_Exercise:_
No pictures should appear. The lines from the beginning of the listing through the one holding "カラーミラーパウダー チップ1個付き 11種類" must be reproduced exactly, and nothing more.

_Input material:_
- Opening Delimiter -

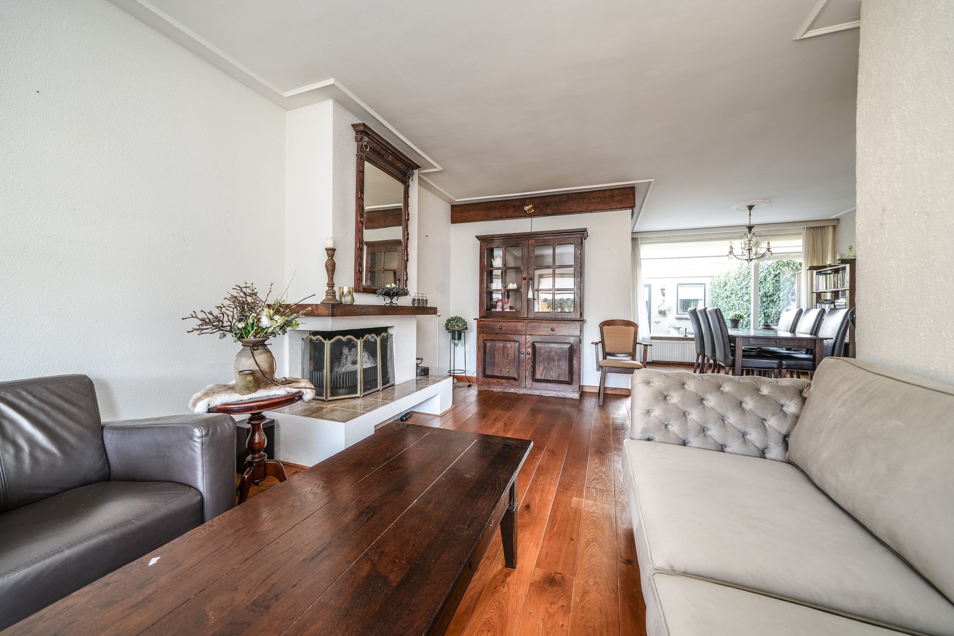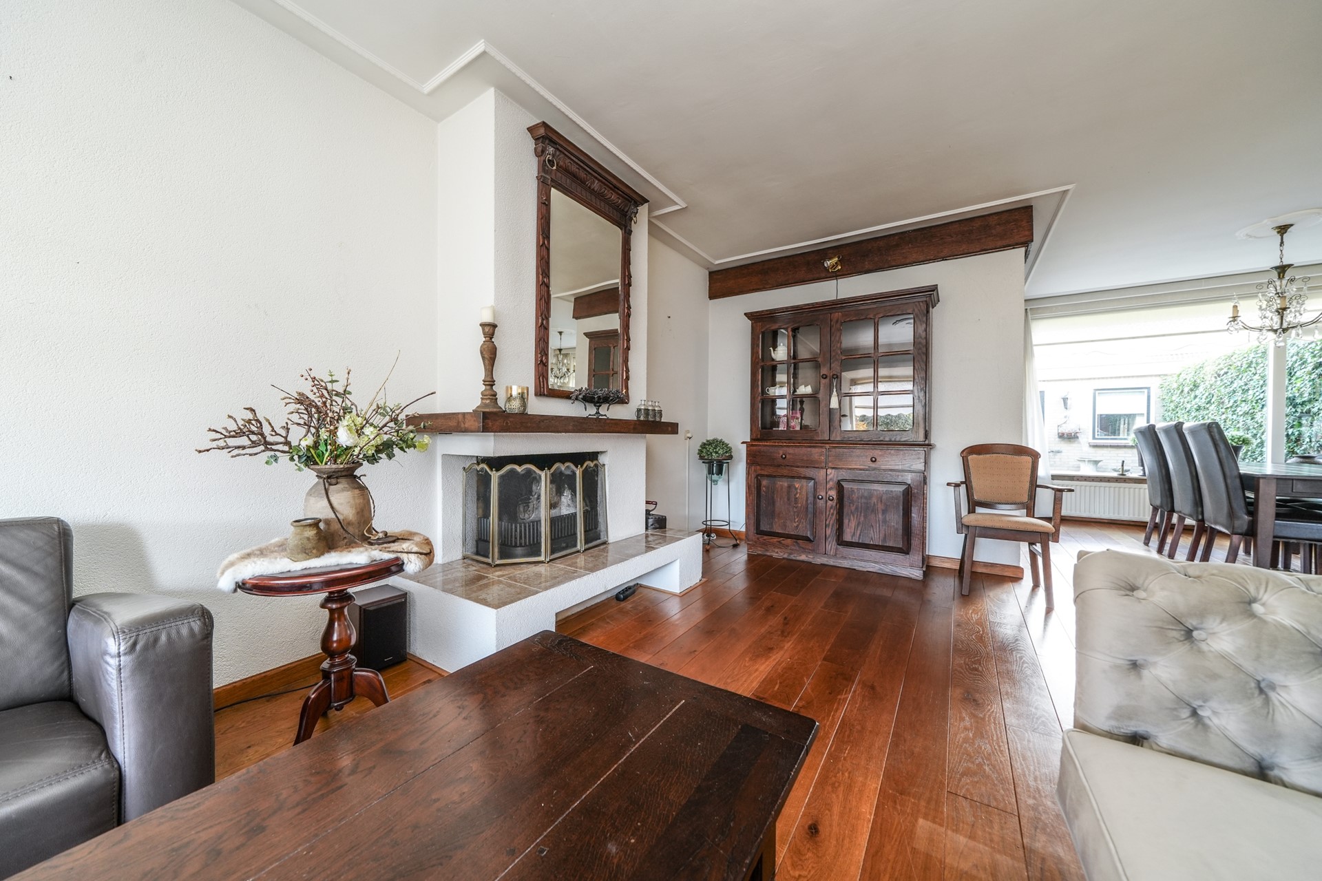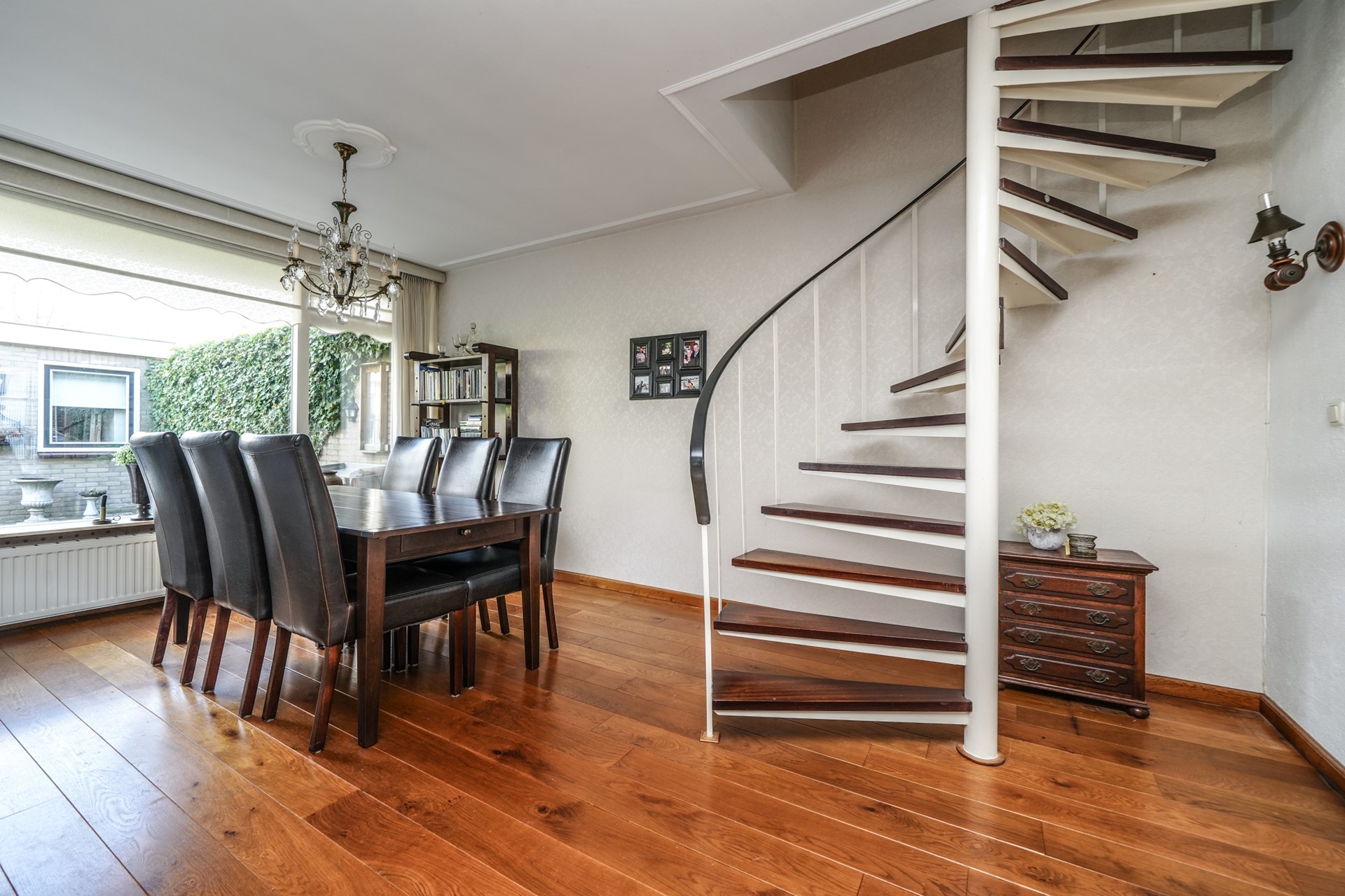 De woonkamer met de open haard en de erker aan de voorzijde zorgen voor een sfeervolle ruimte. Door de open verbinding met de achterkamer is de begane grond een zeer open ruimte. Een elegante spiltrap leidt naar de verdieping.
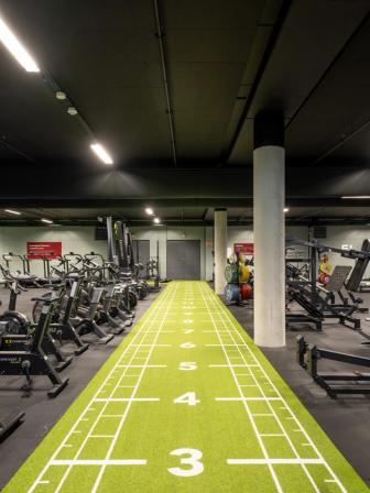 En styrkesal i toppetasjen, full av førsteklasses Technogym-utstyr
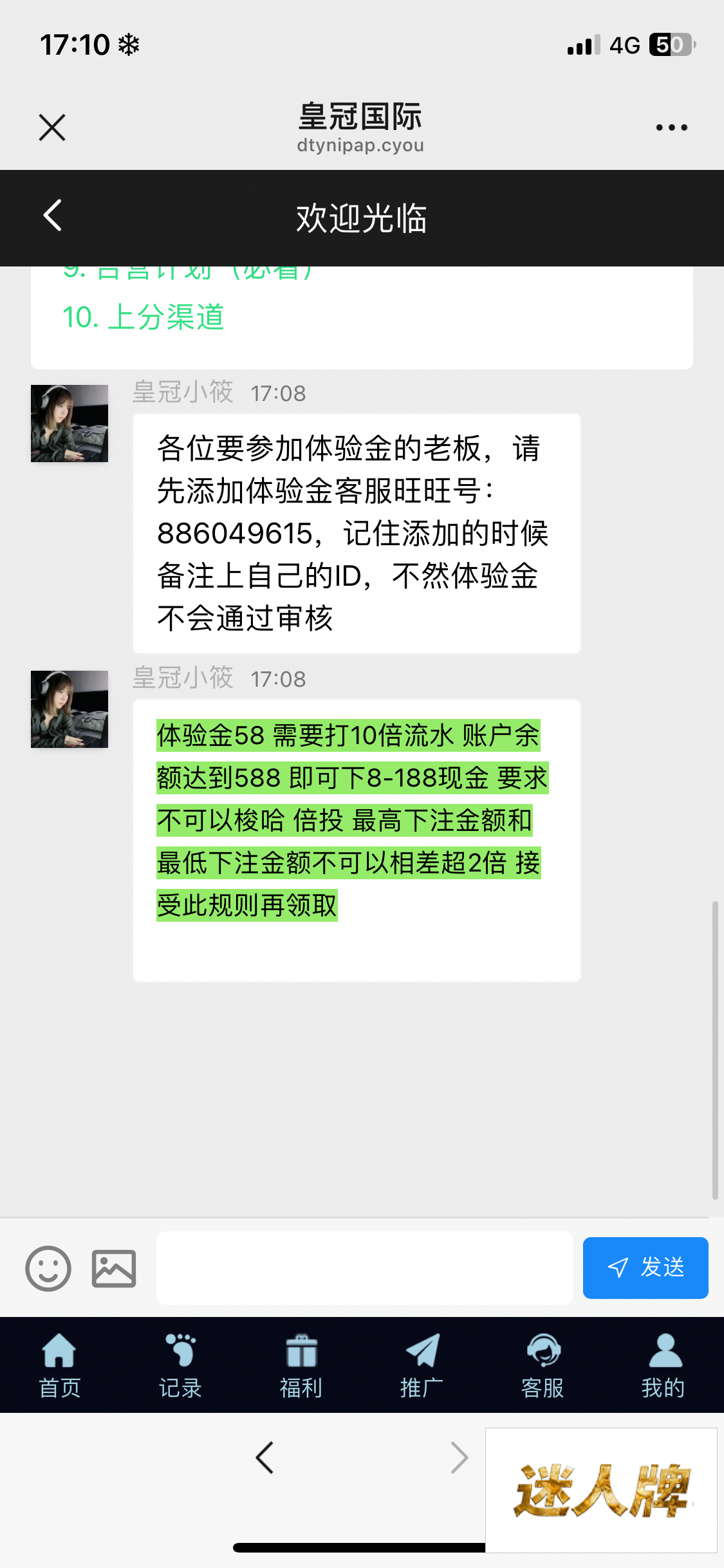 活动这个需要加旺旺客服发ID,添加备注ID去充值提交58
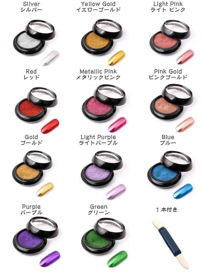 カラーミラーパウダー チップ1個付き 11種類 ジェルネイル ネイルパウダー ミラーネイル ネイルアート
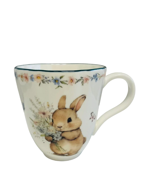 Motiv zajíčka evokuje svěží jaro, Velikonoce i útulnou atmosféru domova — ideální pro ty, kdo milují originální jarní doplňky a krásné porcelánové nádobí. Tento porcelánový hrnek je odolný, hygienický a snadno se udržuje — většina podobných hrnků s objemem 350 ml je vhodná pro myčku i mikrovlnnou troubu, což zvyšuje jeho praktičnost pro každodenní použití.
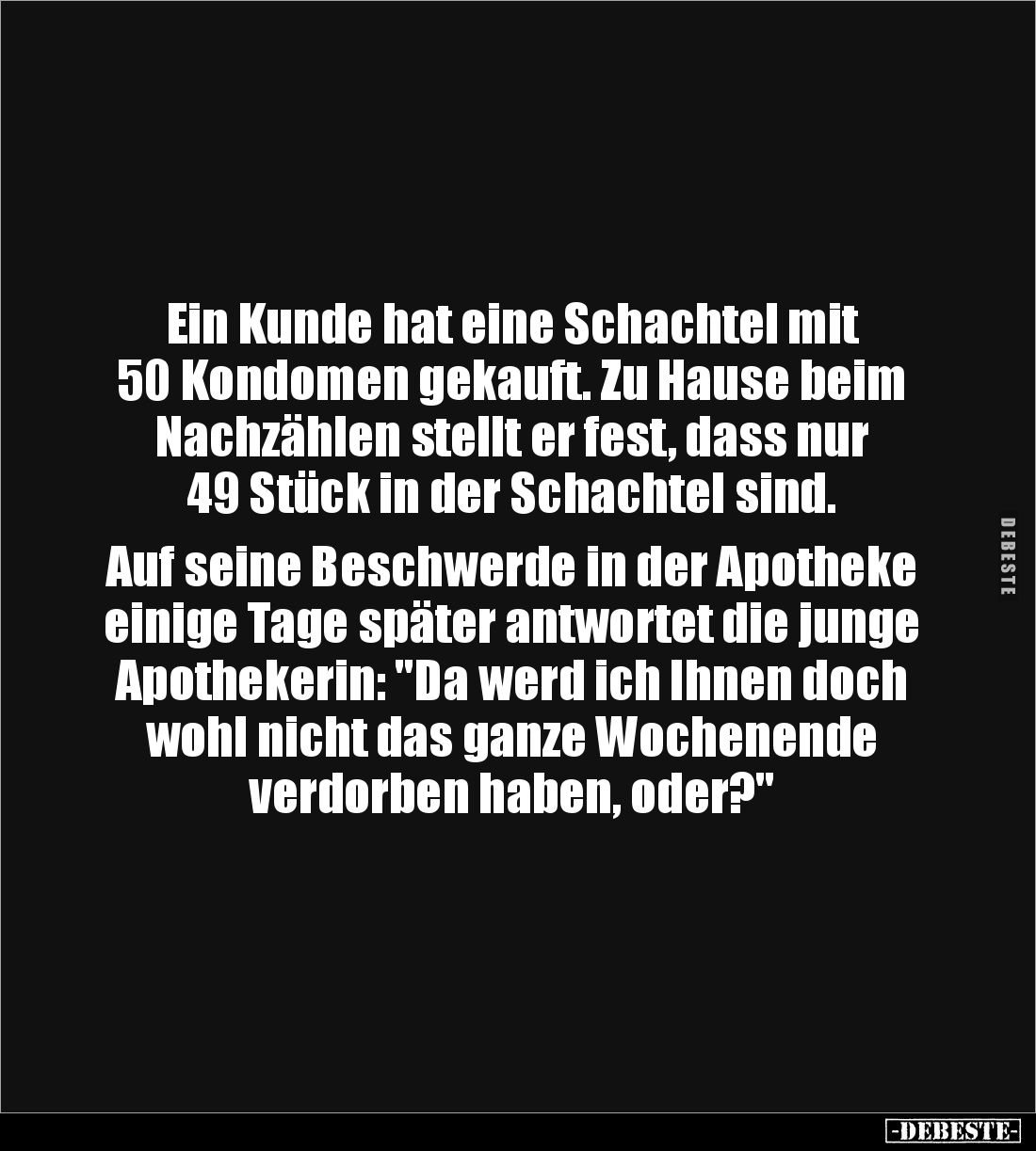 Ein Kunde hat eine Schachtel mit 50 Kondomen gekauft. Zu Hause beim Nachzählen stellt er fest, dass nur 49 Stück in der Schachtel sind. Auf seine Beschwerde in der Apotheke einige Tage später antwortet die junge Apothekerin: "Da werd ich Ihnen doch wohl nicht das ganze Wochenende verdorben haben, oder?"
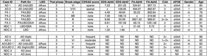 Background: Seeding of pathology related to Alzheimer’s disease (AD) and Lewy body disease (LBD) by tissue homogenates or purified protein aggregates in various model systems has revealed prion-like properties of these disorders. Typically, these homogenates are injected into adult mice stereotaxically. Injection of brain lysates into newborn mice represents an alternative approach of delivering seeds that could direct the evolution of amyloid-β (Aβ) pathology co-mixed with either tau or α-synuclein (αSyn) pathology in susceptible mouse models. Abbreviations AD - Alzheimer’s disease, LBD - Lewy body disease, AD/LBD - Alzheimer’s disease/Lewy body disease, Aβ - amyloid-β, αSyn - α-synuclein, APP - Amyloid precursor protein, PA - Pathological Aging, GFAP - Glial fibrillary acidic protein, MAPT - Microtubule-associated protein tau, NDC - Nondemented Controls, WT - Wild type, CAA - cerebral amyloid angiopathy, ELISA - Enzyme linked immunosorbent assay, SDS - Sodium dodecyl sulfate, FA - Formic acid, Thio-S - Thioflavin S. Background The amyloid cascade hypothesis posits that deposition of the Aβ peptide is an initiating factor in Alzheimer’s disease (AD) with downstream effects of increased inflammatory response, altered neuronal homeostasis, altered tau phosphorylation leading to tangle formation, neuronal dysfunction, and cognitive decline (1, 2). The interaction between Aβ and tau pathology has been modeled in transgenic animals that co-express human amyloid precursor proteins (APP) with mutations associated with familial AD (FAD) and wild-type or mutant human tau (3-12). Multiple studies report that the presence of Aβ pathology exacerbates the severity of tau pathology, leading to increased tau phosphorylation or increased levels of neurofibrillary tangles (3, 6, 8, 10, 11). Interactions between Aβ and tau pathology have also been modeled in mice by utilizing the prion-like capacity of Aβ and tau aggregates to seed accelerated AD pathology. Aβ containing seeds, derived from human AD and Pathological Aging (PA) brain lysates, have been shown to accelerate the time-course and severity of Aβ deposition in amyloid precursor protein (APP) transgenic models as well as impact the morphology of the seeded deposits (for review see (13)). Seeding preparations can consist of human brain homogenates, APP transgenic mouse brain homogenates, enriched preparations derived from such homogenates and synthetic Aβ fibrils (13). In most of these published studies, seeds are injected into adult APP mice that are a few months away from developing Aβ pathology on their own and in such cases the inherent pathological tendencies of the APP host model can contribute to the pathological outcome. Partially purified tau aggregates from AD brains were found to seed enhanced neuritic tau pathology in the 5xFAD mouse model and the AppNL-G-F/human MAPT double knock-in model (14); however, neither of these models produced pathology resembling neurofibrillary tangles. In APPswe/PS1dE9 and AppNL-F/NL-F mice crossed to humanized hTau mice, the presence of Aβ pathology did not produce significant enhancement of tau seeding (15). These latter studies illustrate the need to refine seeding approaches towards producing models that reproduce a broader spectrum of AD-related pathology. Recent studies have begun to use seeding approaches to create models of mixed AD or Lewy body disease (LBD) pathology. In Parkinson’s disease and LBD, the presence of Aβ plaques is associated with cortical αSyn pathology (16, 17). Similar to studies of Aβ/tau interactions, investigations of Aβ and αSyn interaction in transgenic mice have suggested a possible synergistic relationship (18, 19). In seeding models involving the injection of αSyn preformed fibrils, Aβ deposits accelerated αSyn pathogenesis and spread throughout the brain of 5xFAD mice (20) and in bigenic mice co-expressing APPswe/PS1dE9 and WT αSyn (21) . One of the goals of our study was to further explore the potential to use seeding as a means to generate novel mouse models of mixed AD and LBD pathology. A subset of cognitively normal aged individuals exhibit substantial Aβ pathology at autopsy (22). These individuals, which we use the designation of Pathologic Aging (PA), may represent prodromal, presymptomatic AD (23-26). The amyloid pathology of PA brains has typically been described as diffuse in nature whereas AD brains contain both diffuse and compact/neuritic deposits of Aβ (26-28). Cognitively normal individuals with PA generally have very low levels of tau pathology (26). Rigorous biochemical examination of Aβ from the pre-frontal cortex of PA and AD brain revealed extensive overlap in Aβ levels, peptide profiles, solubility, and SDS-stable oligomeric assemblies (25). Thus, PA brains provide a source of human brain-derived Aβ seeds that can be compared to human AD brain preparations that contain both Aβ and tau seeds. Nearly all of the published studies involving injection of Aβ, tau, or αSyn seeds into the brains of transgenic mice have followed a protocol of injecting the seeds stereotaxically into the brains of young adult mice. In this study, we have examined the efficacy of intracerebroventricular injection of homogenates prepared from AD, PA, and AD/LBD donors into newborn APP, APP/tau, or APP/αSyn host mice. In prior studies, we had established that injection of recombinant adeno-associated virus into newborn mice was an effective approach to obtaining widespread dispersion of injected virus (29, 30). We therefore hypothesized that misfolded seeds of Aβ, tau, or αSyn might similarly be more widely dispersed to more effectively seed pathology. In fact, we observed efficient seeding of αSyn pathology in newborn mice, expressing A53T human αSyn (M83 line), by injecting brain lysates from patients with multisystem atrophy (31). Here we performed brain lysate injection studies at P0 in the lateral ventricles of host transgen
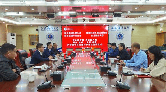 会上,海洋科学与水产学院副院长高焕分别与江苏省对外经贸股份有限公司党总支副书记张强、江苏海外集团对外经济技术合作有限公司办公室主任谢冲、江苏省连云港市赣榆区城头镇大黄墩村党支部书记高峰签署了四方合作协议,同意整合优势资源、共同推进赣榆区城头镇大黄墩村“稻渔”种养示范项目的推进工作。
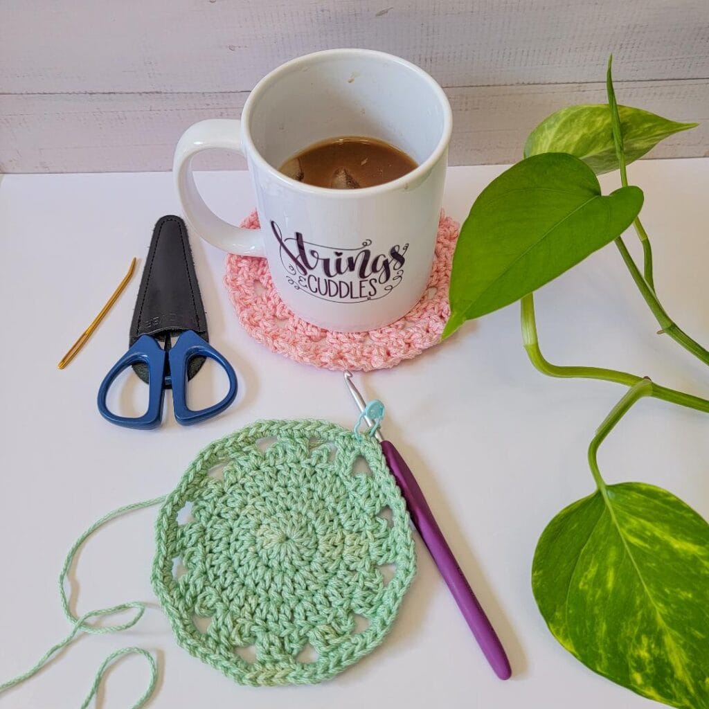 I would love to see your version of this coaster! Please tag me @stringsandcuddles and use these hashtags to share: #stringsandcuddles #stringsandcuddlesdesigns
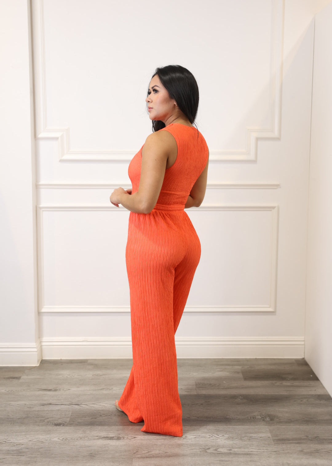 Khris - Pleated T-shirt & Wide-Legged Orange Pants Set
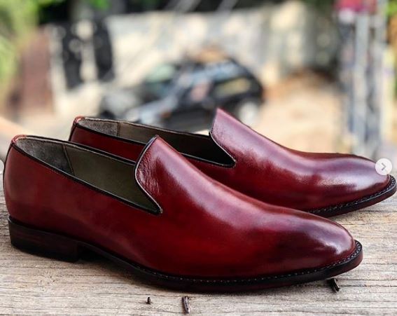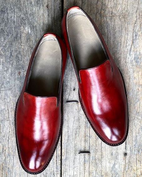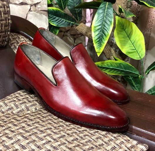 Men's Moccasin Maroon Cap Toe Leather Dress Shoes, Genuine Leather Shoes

- Closing Delimiter -

_Expected answer:_
 De woonkamer met de open haard en de erker aan de voorzijde zorgen voor een sfeervolle ruimte. Door de open verbinding met de achterkamer is de begane grond een zeer open ruimte. Een elegante spiltrap leidt naar de verdieping.
 En styrkesal i toppetasjen, full av førsteklasses Technogym-utstyr
 活动这个需要加旺旺客服发ID,添加备注ID去充值提交58
 カラーミラーパウダー チップ1個付き 11種類 ジェルネイル ネイルパウダー ミラーネイル ネイルアート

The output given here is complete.